### BRIEF
Leave out the pictures and set down exactly the lines from the start of the listing through the one with "Plakat z serii", both included.

### STUDY MATERIAL
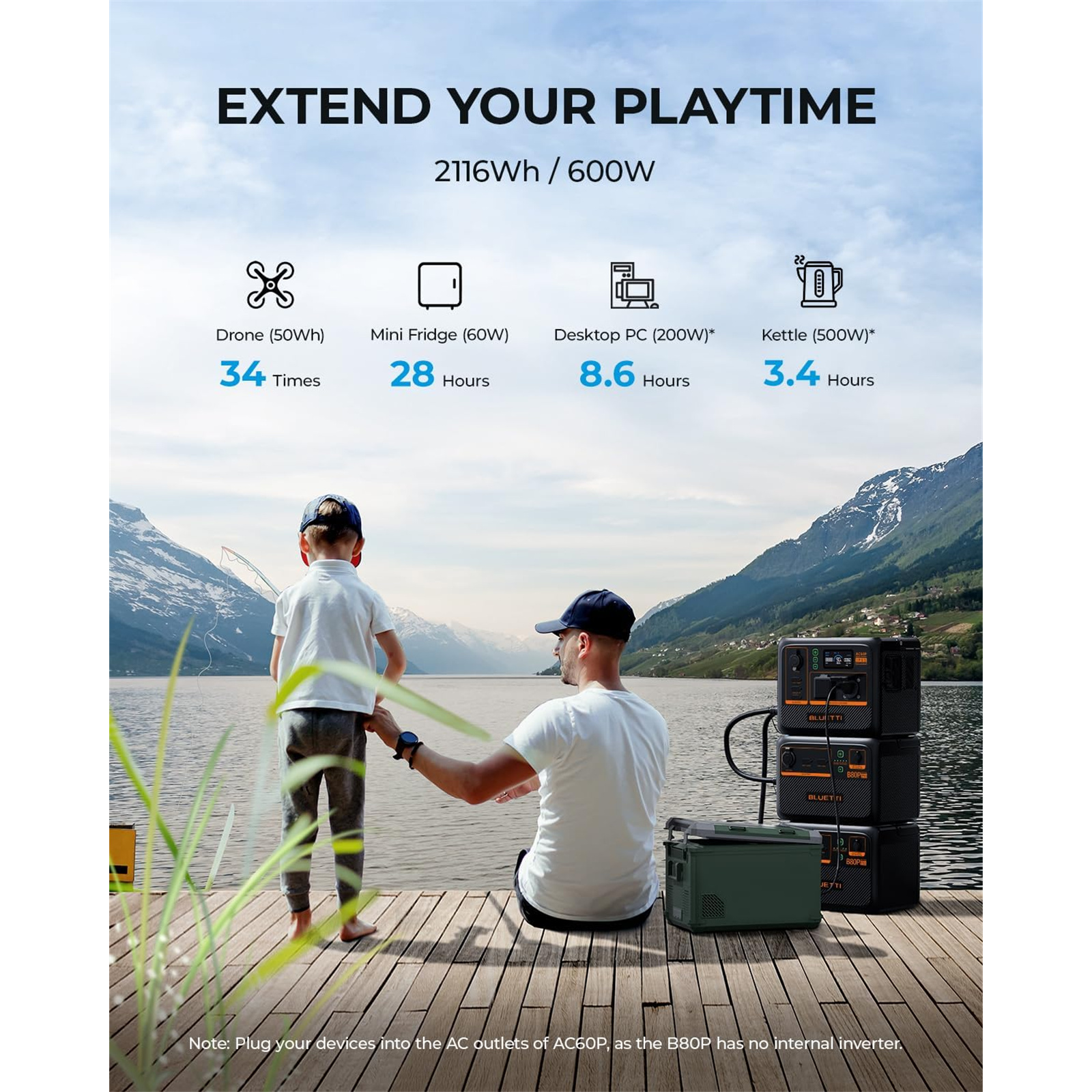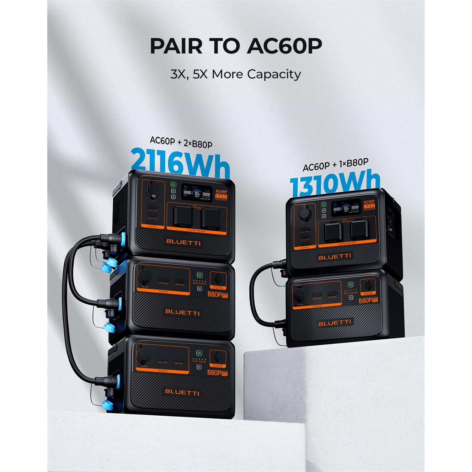 Level up your mobile power experience by adding B80 packs to your currently supported BLUETTI power stations. For example, you can expand your AC60 from 403Wh to 2,015Wh with 2*B80 units.
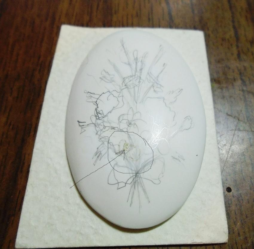 Ну вот, решила показать, как рождаются мои кабошончики. Поскольку красивые камни портить росписью я пока боюсь, то покупаю на распродаже невнятные камушки с брачком, которые не жалко закрыть росписью. Итак, имеем кахолонг с грязноватыми пятнами в породе, который в первозданном виде в украшении не используешь.
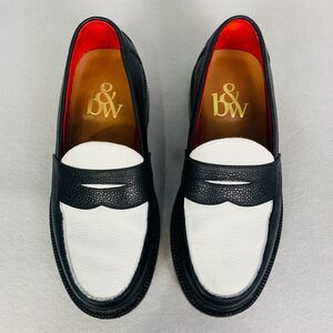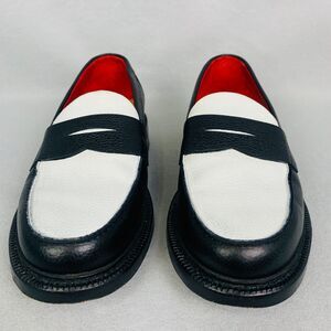 Premium Blackstock & Weber penny loafers in men’s size 7, featuring a bold two-tone black and white leather upper with the brand’s signature red lining. This classic yet modern style pairs effortlessly with preppy, business casual, and classicore trends. Perfect for workwear, events, concerts, or adding timeless polish to a streetwear fit.
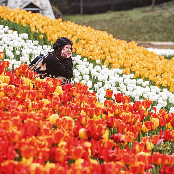 3月9日,在位于重庆市长寿区的长寿湖景区,游客在郁金香花海中赏花拍照。近日,位于重庆市长寿区的长寿湖景区郁金香盛开,成为游客踏青赏花游玩的热门景点。长寿湖景区从2014年开始每年举办郁金香花展,吸引了大量游客观赏。 新华社记者 唐奕 摄
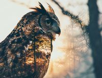 Plakat z serii natura zatytułowany Sowi Duch. Prezentuje on majestatyczną sylwetkę sowy zlewaną z tłem o zachodzie słońca w lesie, co podkreśla jej dziką naturę i instynktowną mądrość. Ciepłe odcienie zachodzącego słońca i sylwetki drzew przenikają się z delikatnym konturem sowy, tworząc wrażenie jedności z naturą. Plakat ten idealnie wpasuje się w przestrzenie takie jak gabinet, biblioteka lub salon, gdzie może inspirować do refleksji i spokoju, przypominając o głębokich, nieodkrytych aspektach natury.
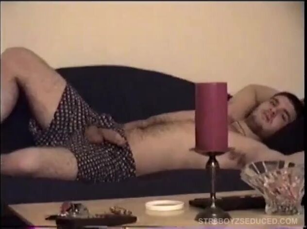After picking up a uniform for his new security job, C.J. drops by Vinnie's to try it on and see his reaction. Vinnie decides to fulfill his fantasy and C.J. seems approachable. Vinnie sets him up in the bedroom, with a porn video playing. C.J. pulls off his pants and starts stroking. Vinnie grabs his cock and C.J. stays hard, so he goes down on him, and he doesn't resist. After stroking for while, Vinnie takes over, finishes him off and swallows his cum load.
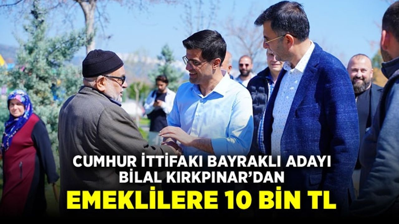 Cumhur ittifakı Bayraklı Belediye Başkan adayı Bilal Kırkpınar'dan emekli vatandaşlara müjdeli haber geldi. Kırkpınar, emeklilere belediye olarak destek vereceklerini belirterek, "Bu seçim bir emekli seçimi değil. Madem şehr-i emin olmaya talip olduk, emeklilerimiz için taşın altına elimizi koyacağız. Çorbada tuzumuz olsun istiyoruz. Tüm emeklilerimize 10 bin TL sosyal destek yardımı vereceğiz. Aralarında da bir ayrım yapmayacağız. Bayraklımızda ikamet eden tüm büyüklerimize destek olacağız." dedi.
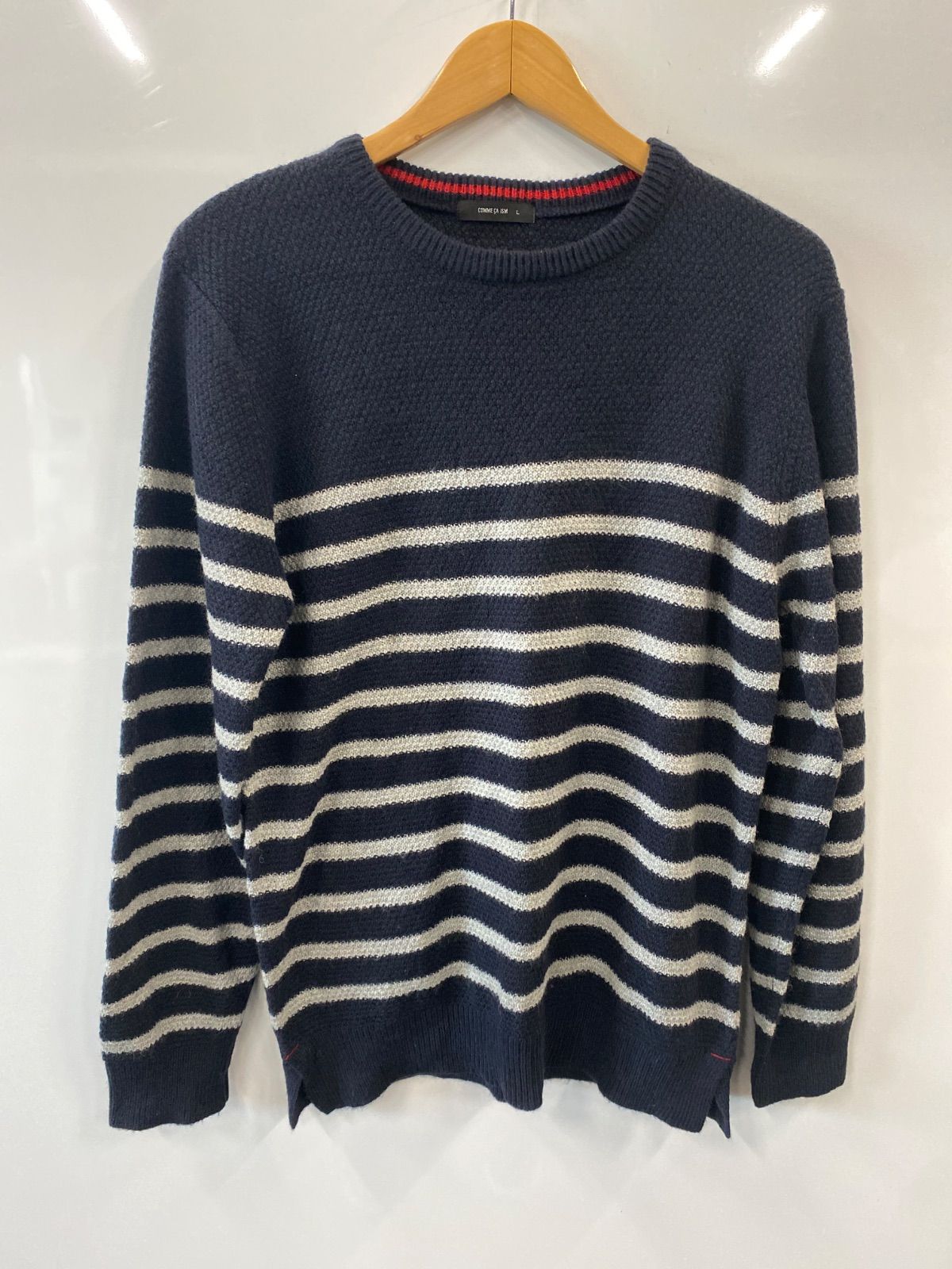 ピA162●COMME CA ISM●コムサイズム●ニットセーター●クールネック●ボーダー●メンズ●sizeL●黒×グレー
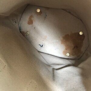 Bag is in good vintage condition. Some wear to canvas and leather. Handles good, some edge wear. NOTE: stains inside (see photo).
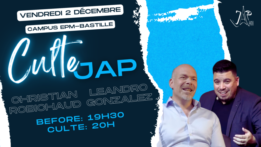 Culte JAP Vendredi 2 décembre. Ce sera un format particulier, en mode conversation informelle entre Pasteur Christian et Pasteur Leandro. Pasteur Christian a vraiment à coeur de vous bénir les JAPiens.
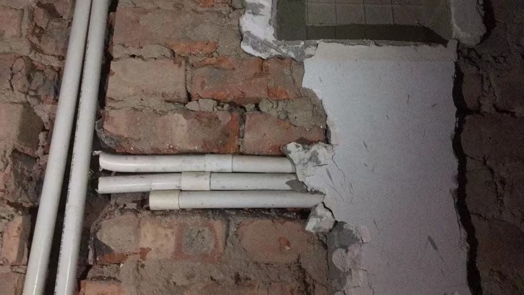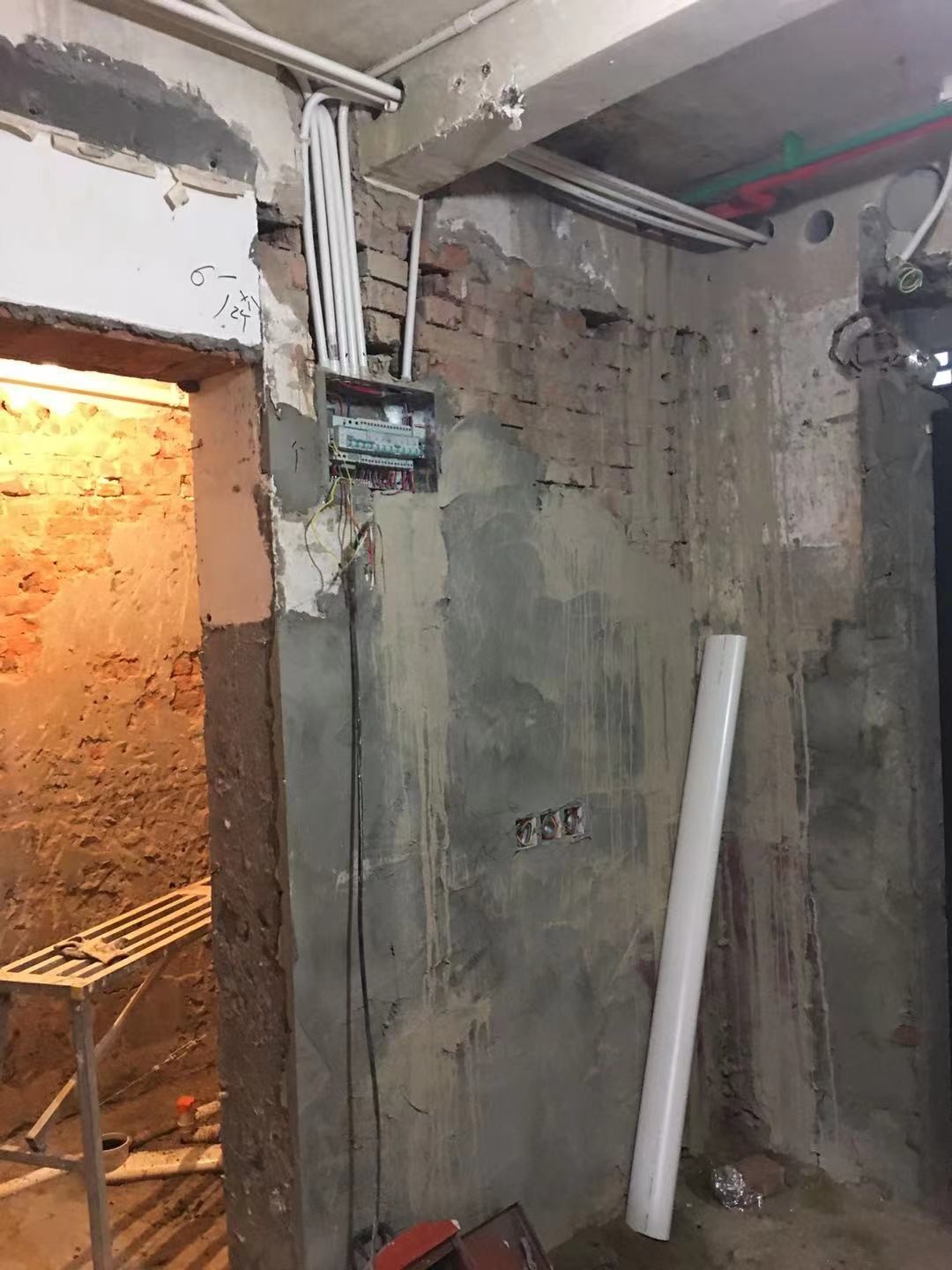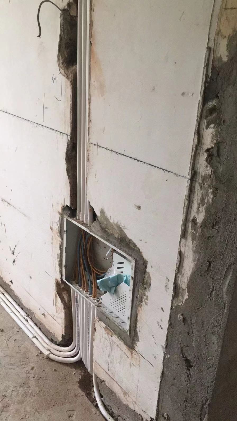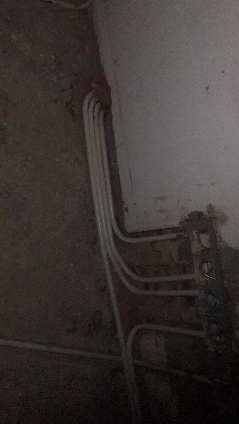 舊的強(qiáng)電箱和電線都沒拆,新安裝的水管都掛在那
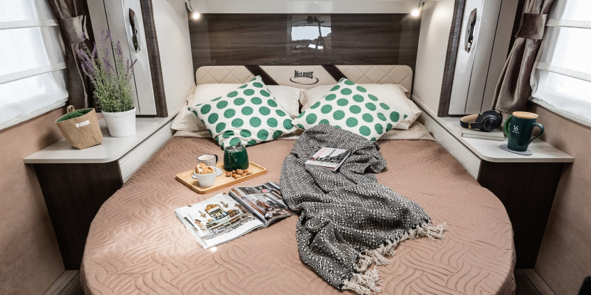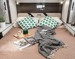 - Łóżko centralne z wysuwaną podstawą w modelach Mc4 862 i Nevis 862
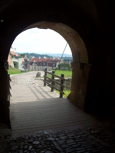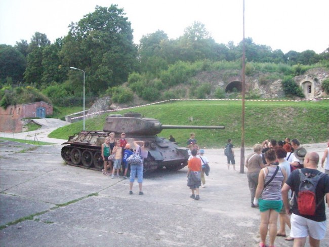 Na powierzchnię wychodzimy niedaleko od wejścia , na tyłach kościoła …. Szału nie ma . Idziemy do twierdzy , wejście z przewodnikiem i opowiadania nie ma końca . Ogólnie znowu czyjeś ambicje połączone z krzywdą wielu żołnierzy powołanych na siłę do armii . Twierdza była miastem w mieście a trzeba powiedzieć , że obiekt potężny . Czego czas nie rozwalił to popsuli najemcy , dzierżawcy , nawet jakiś browar tam robił coś na kształt piwa czy taniego wina …. Unia trochę kasy wpompowała to udało się coś ocalić od zapomnienia . Każda wycieczka jest zapraszana do Sali multimedialnej gdzie jest karmiona przydługawym filmikiem ukazującym odbywające się w okolicy rekonstrukcje sławniejszych bitew i starć wojsk ….. tacy tam przebierańcy z komórką na pasku i mercedesami w oddali , strzały z armat by dymu narobić ….. lekko się naziewałem , pewnie przez upał i tradycyjnie z głodu . Zwiedzanie twierdzy dla rodzinki to jakieś 60 zł i oczywiście drożej niż w necie bo komu by się chciało aktualizować cennik raz na rok . Tam też kręcili ostatni odcinek „Czterej pancernych” , rudy nie zmieścił się przez bramę , więc został na dole a Janek ( wg słów miłej przewodniczki przyozdobionej w gruby mundur , pewnie dla ochłody przed zimnem ) tak długo biegł pod górkę że aż dwa razy przebiegł jedną bramą z charakterystycznym napisem …. Ot magia filmu i nieuważnych widzów , jak widać nie wszystkich.

### TASK ANSWER
 Level up your mobile power experience by adding B80 packs to your currently supported BLUETTI power stations. For example, you can expand your AC60 from 403Wh to 2,015Wh with 2*B80 units.
 Ну вот, решила показать, как рождаются мои кабошончики. Поскольку красивые камни портить росписью я пока боюсь, то покупаю на распродаже невнятные камушки с брачком, которые не жалко закрыть росписью. Итак, имеем кахолонг с грязноватыми пятнами в породе, который в первозданном виде в украшении не используешь.
 Premium Blackstock & Weber penny loafers in men’s size 7, featuring a bold two-tone black and white leather upper with the brand’s signature red lining. This classic yet modern style pairs effortlessly with preppy, business casual, and classicore trends. Perfect for workwear, events, concerts, or adding timeless polish to a streetwear fit.
 3月9日,在位于重庆市长寿区的长寿湖景区,游客在郁金香花海中赏花拍照。近日,位于重庆市长寿区的长寿湖景区郁金香盛开,成为游客踏青赏花游玩的热门景点。长寿湖景区从2014年开始每年举办郁金香花展,吸引了大量游客观赏。 新华社记者 唐奕 摄
 Plakat z serii natura zatytułowany Sowi Duch. Prezentuje on majestatyczną sylwetkę sowy zlewaną z tłem o zachodzie słońca w lesie, co podkreśla jej dziką naturę i instynktowną mądrość. Ciepłe odcienie zachodzącego słońca i sylwetki drzew przenikają się z delikatnym konturem sowy, tworząc wrażenie jedności z naturą. Plakat ten idealnie wpasuje się w przestrzenie takie jak gabinet, biblioteka lub salon, gdzie może inspirować do refleksji i spokoju, przypominając o głębokich, nieodkrytych aspektach natury.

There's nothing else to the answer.